Fast growth feeds itself from energy produced at low cost, so that a substantial part of the energy return (EROEI) can be used to increase the annual energy production feeding economic growth. And most of today’s energy is still produced at low cost. But why, then, do we have to pay so much when we buy it?
Answer: Simply because we have recently passed the threshold beyond which energy production (still growing) can no longer satisfy demand (growing faster).
In this new conjuncture, a substantial proportion of the profits gathered from high selling prices supports the numerical growth of the populations living in the producing countries and the ones they provide assistance to, allowing those populations to buy consumer goods and in doing so, sustain world economic growth.

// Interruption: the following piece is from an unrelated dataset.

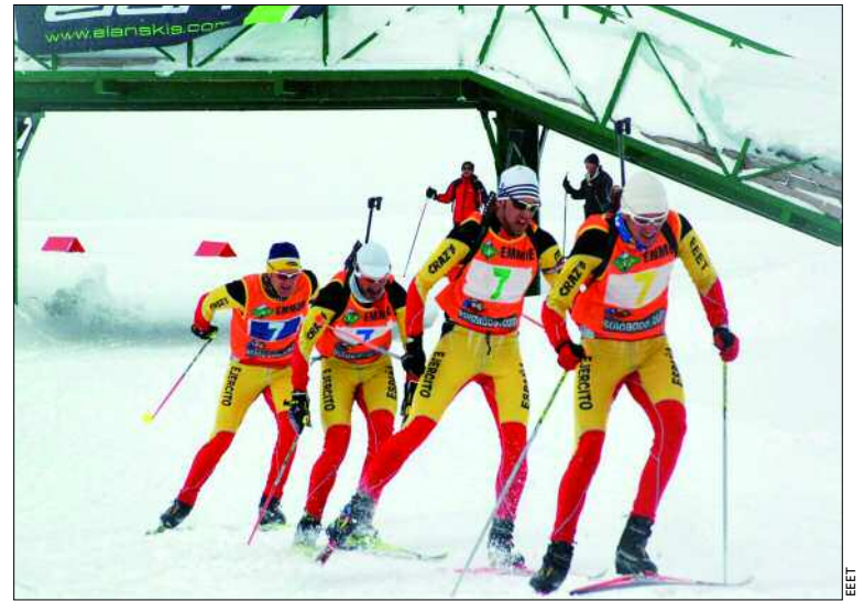
El EEET consiguió el primer puesto en la Carrera de Patrullas

El segundo día, la nieve y el viento dificultaron las carreras, pero el personal de la EMMOE se en-

Another proportion allows the wealthy elites ruling those countries – and also many speculators – to acquire profitable capital, part of it concerning the development of alternative energies (nuclear, renewables) needed to sustain economic growth.
But it is now becoming ever clearer that the average energy production cost will substantially increase in the course of the decades ahead. Therefore, the energy investment returns needed to feed energy-production growth will slow to such an extent that finally global annual energy production will come to a standstill and reverse into decline.
Improving energy efficiency may provide some delay but its limits will soon be revealed. At some point (within the next decades) the ultimate limits to growth will be reached and expansion will then reverse into contraction. Many of us expect that such an event will bring about economic collapse, as the exchange mechanisms between our world economic system’s components rest on the existence of a financial bubble kept under pressure as long as markets in expansion allow investors to make profits re-injected into the bubble.
But even though they know, most people remain primarily concerned with everyday life and do not want to hear or talk about that. Only crazy people (like me), dubbed ‘doommongers’, dare…but hush! Let’s talk about something else…doommongering is insane.